The Mudcat Café TM
Thread #31121   Message #403275
Posted By: Lanfranc
21-Feb-01 - 07:16 PM
Thread Name: Help: Greensleeves the real composer?
Subject: RE: Help: Greensleeves the real composer?
When I was studying Early Music aeons ago, I remember this discussion arising. From what I remember, the tune we now know as "Greensleeves" was originally of Flemish origin and a dance tune.
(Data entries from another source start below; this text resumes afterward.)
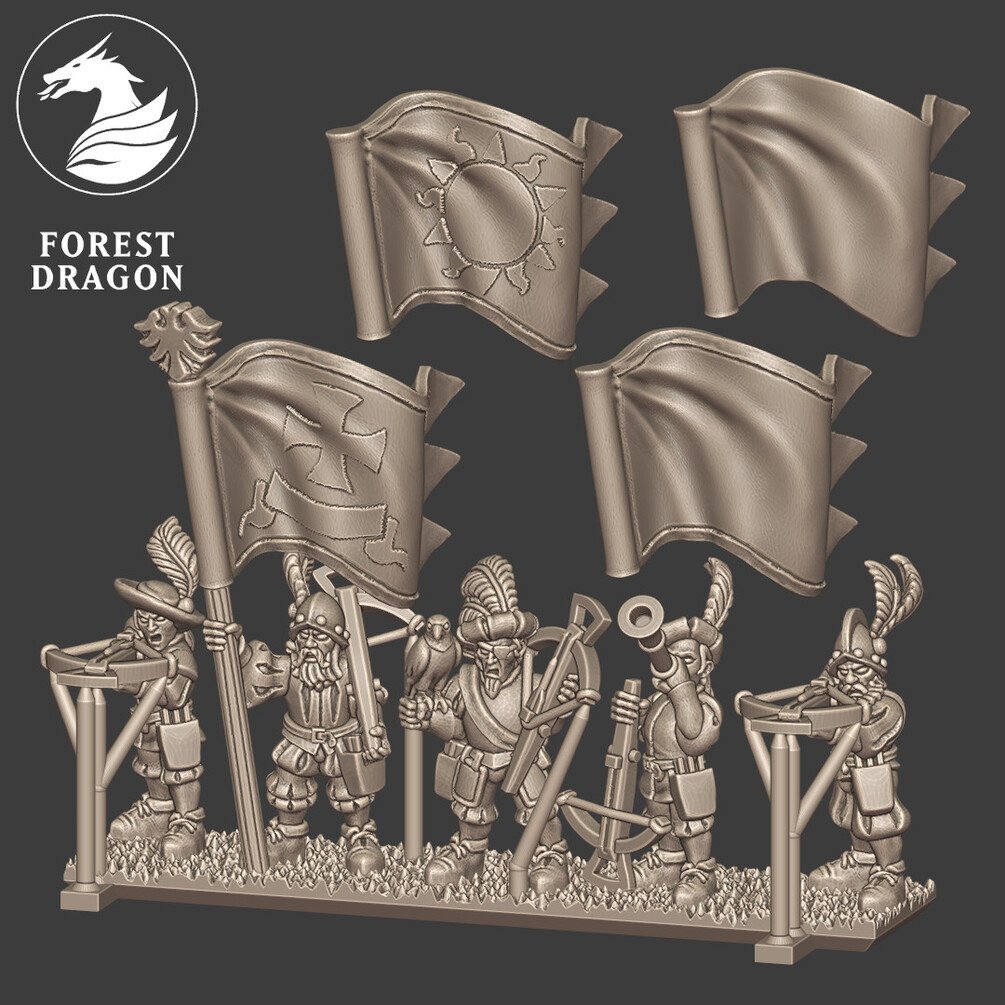 There is a choice of command stands and these can be printed with either a blank standard or with sculpted detail.
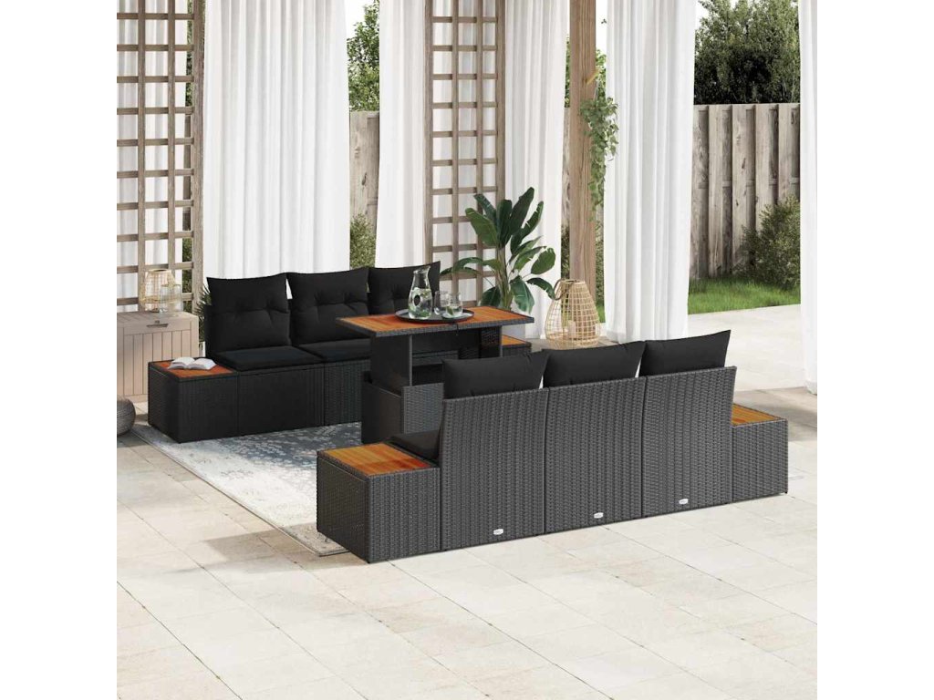 - Materiály: Vyrobené z kvalitného poly ratanu, tento set je odolný voči počasiu a má moderný vzhľad. Silný oceľový rám s práškovou úpravou zabraňuje hrdzaveniu, pričom povrchy z agátového dreva dodávajú pekný nádych a kombinujú trvácnosť s estetikou.
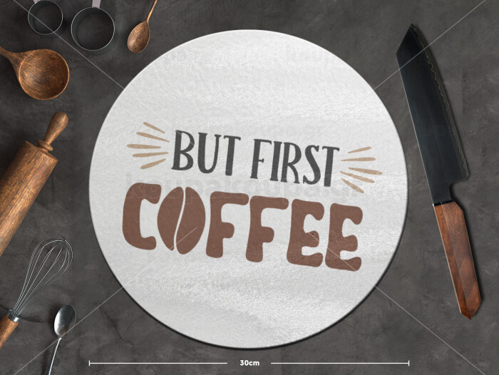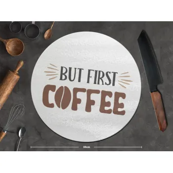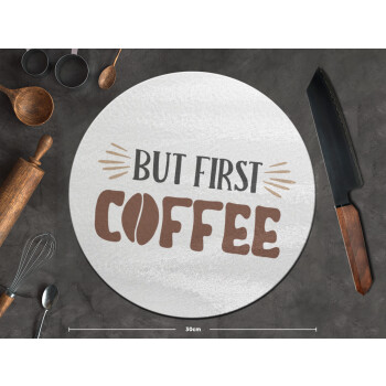 But first Coffee, Επιφάνεια κοπής γυάλινη στρογγυλή (30cm)

Henry VIII's claim to authorship would thus be about as tenuous as that of Paul Simon to "Scarborough Fair". You'd have had to be a brave man to gainsay him at the time, however, and it does make a good story.

Can't come up with any formal documentary proof at this stage, but it would be interesting to know why the Belgian songwriter Jacques Brel, who wasn't exactly renowned as a fan of "English" folk songs, used a variant of the tune for his song "Port of Amsterdam".

It is possibly the best known early "English" tune, and has been rehashed numerous times over the years. Ralph Vaughan Williams "Fantasy on a Theme of Greensleeves" (which also includes the Norfolk folksong "Lovely Joan") is perhaps the most famous, and there are numerous parodies. There is also the Christmas Carol "What Child is This?" and the 1960s French pop song "Loin" (that's French for "far away", and not anatomical, by the way!).

As Flanders and Swann used to say, "In every period play, set in any time from the Wars of the Roses to the Victorian era, "Greensleeves" is always played - and the royalties go to Royalty!"

But please, always play it in 6/8 and NOT 3/4!!!!